口内の粘膜はカラカラに干上がり、息を吸うたびに喉が張りつく。
ただ生きているだけで苦痛だった。
足を引きずるようにして、なんとかオアシスへ戻る。
あの冥界から送り出されてすぐ、近くで見つけた水場。安全かどうかなど気にする余裕もなかった。

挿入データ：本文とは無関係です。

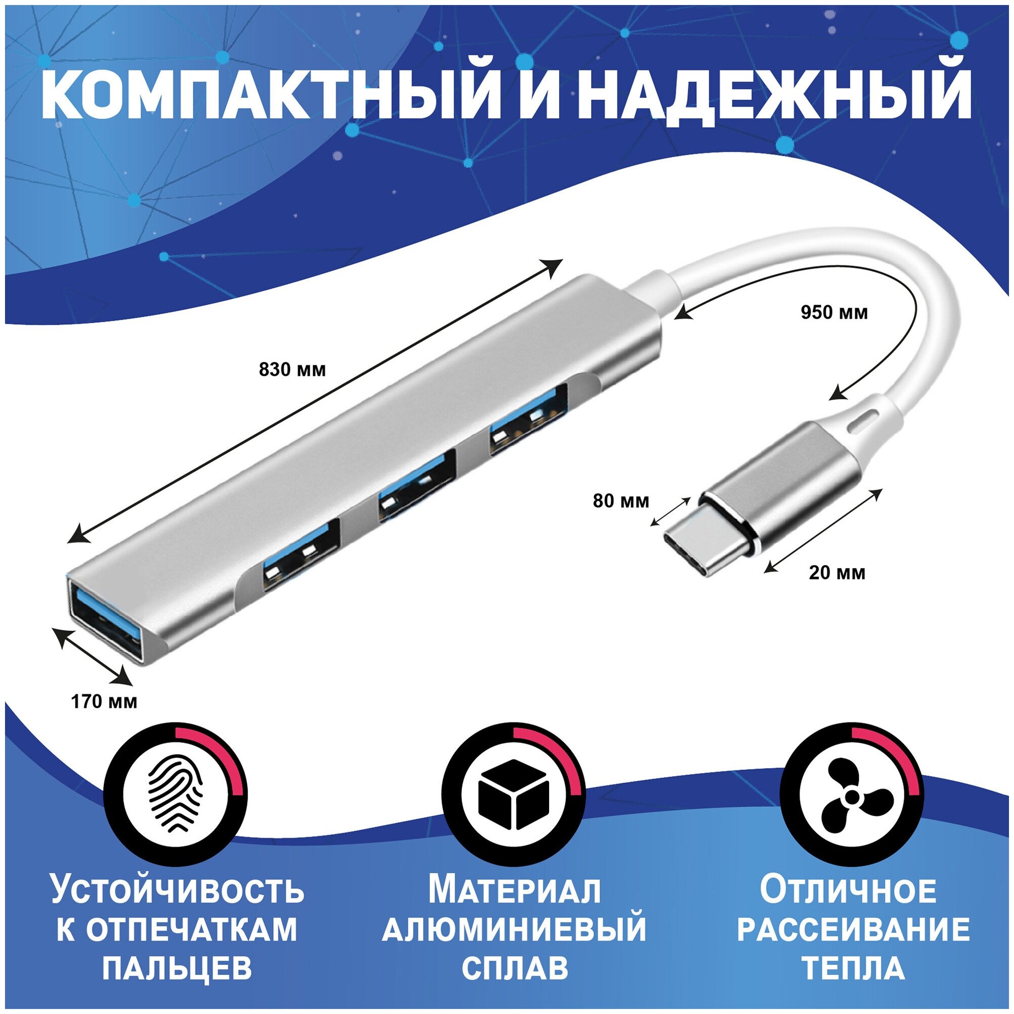 USB Type-C концентратор 3.0 на 4 порта / HUB разветвитель / Хаб на 4 USB (0,1 м) / серебристый информация:
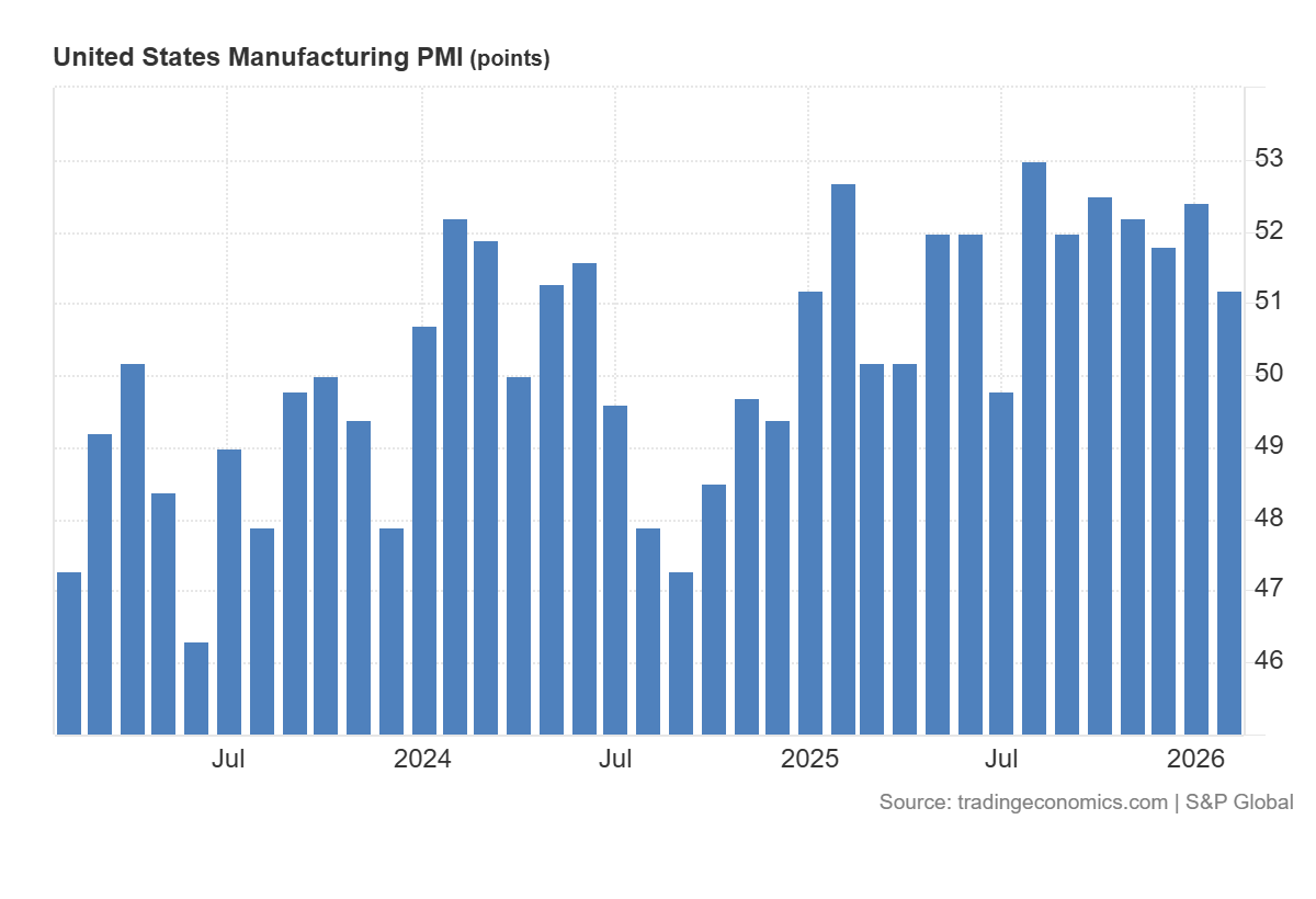 АҚШ-тың өндірістік PMI көрсеткішінің 51.2 пункт деңгейінде жариялануы (болжам — 52.4, алдыңғы мән — 52.4) қысқа мерзімді көңіл-күй үшін орташа теріс фактор болып табылады, себебі бұл өнеркәсіптік белсенділік өсімінің қарқыны баяулағанын көрсетеді. Алайда индикатор 50 пункттен жоғары деңгейде қалып отыр, яғни сектор формалды түрде әлі де кеңею аймағында. Мәселе қысқаруға ауысуда емес, серпіннің әлсіреуінде. Мұндай үйлесім нарық тарапынан өндірістік сегментте сұраныс пен тапсырыстар динамикасының сақтықпен бағалануы ретінде қабылданады.

このオアシスがなければ、今ごろ確実に干からびていた。
冥界の方がこの砂漠よりも快適だった
水を手ですくい、一気に飲み込む。
地面から湧き出ている水は澄んでいる。このオアシスがあるおかげで、精神的な負担は幾分かマシに思える
なにより腹を壊すことへの恐怖も薄れるほどに、喉の渇きは飢えに近かった。
だが、それ以上に致命的な問題が、俺には二つある。
一つは、自分が誰なのか思い出せないということ。
口の中に生えていた雑草を噛みながら、ぼんやりと記憶をたどる。
かじった草は、ほんの少しだけ甘かった。毒ではなさそうだ。
……思い出せるのは断片的なことだけだった。
たとえば、日本語で考えているということ。
それから、自分は高校生で、家族に妹がいたような記憶。
でも、名前が出てこない。
住んでいた街や学校、友人、最後に見た景色――全てが白く霞んでいる。
「……」
この体の調子も、なにかおかしい。
たまに息が詰まるような違和感がある。筋肉や関節の動きが、自分のものじゃないように感じることすらある。
「……やっぱり、異世界ってやつか」
認めざるを得ない。
この世界は、俺の知っている世界とは違う。
周囲を探索がてら歩けば、見たこともない生き物がそこらを歩いていた。
たとえば、サボテンらしき植物を丸呑みにする黒い蠍。
それを狙って空を舞う、青みがかった巨大な鳥。
近づくと爆ぜて音を立てる真っ赤な果実――何もかもが、異質で、現実離れしていた。
「……うぅ」
たまたま見つけた洞穴に身を潜め、藁のような草にくるまって横たわる。
砂漠の夜は寒いらしい、SF作品か何かしらの知識で得ていたが昼間の熱射が打って変わって身を震わせるような寒さになるのは耐え難い。外を直接避けて昼の差し込んでくる陽光で温められた岩盤は夜を凌ぐには最適だった。
だが安らぎには程遠い。
定期的に、鋼を溶かして流し込むような激痛が頭を襲う。
偏頭痛というにはあまりにも異様で、意識が飛びそうなほどの痛みだ。
そして、水と謎の植物だけの栄養では、明らかに身体が保たない。
「だ、だれか……」
気づけば、声にならないかすれた息で呟いていた。
――たすけてくれ。
空は赤く染まり始めていた。
日が落ちれば、砂漠の冷気が体温を奪っていく。
意識が遠のく。目の前が揺れ、視界の端が暗くなっていく。
そのときだった――。
バタバタと鼓膜に何かが集まってくるような、砂がこぼれるような音が聞こえる
「ししょー!! 大変大変!! ひとが倒れてるよ!!」
遠くから声が聞こえた。
少女のような、元気だが少し慌てた高い声。
「落ち着きなさい、冒険者。座標を列車に共有なさい」
今度は低く、落ち着いた大人の男の声。
冷静で、判断の早い言葉の響きだった。
――まるで芝居か夢のように、誰かが近づいてくる気配がある。
「大丈夫ですか!!」
声をかけられて優しく身体をゆすられる
「意識があるなら、手を握り返してください!!」
握られた手を弱々しく握り返す、精一杯の力を込めたはずだが。伝わるだろうか?
「!?、意識はまだあります。この様子は栄養失調……何でしょうかこれは。処置車両を! 緊急です!」
影が、光の中から飛び込んでくる。誰かが俺の身体を抱き上げ、何かを口に含ませる気配があった。
この声は……人間だ。
安心した、その瞬間。
世界はふたたび、ゆっくりと暗転した。